I attempted to reproduce a SIGSEGV in this flow. It appears that a
SIGSEGV can occur when the tablesync worker is catching up and is in
FindDeletedTupleInLocalRel() and meanwhile drop-subscription is done
in another session. Here’s the sequence that triggers the issue:
1) Pause the tablesync worker while it's in FindDeletedTupleInLocalRel().
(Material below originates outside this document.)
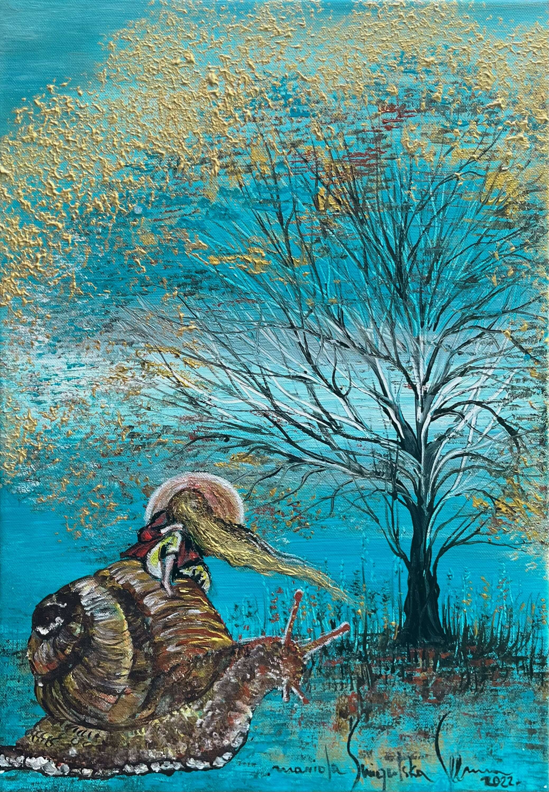 Obraz o wymiarach 55x38x1,5 (cm), namalowany w 2022 r. techniką akrylową na płótnie. Podpis artystki znajdu je się w prawym dolnym rogu - Mariola Świgulska Seenna 2022 r. Tematyką obrazu jest fantastyczny portret znanej baśniowej postaci, któa podróżuje na ślamku. Krawędzie boczne obrazu są zamalowane i estetycznie wykończone. Obraz ze względu na swoje wymiary odnajdzie się doskonale w każdym wnętrzu. Do namalowania obrazu artystka użyła głównie niebieskich farb (błękity, turkusy), złotych (złoto się mieni i odbija światło) oraz brązowych.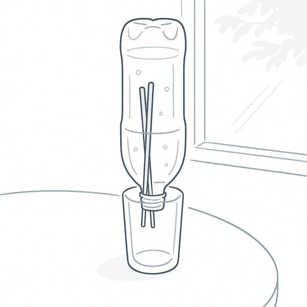 洗ったペットボトルを逆さにして、コップに立てた割りばしの上にかぶせるだけ。

2) Issue a 'DROP SUBSCRIPTION sub'.
3) Allow DropSubscription to proceed to logicalrep_worker_stop() for
the apply worker, but block it using the debugger before it attempts
to stop the tablesync worker.
4) Simultaneously, hold the launcher process using the debugger before
it can restart the apply worker.
5) Now, resume the tablesync worker. It ends up with a NULL leader
worker and hits a SIGSEGV.
Since this issue can be reliably reproduced with a simple DROP
SUBSCRIPTION, I thought it would be appropriate to add the new error
as a user-facing error.
Additionally, the issue can also be reproduced if the apply worker is
forcefully made to error out in wait_for_relation_state_change() while
the tablesync worker is applying changes and is in
FindDeletedTupleInLocalRel().
Attached a patch to address the issue.
thanks
Shveta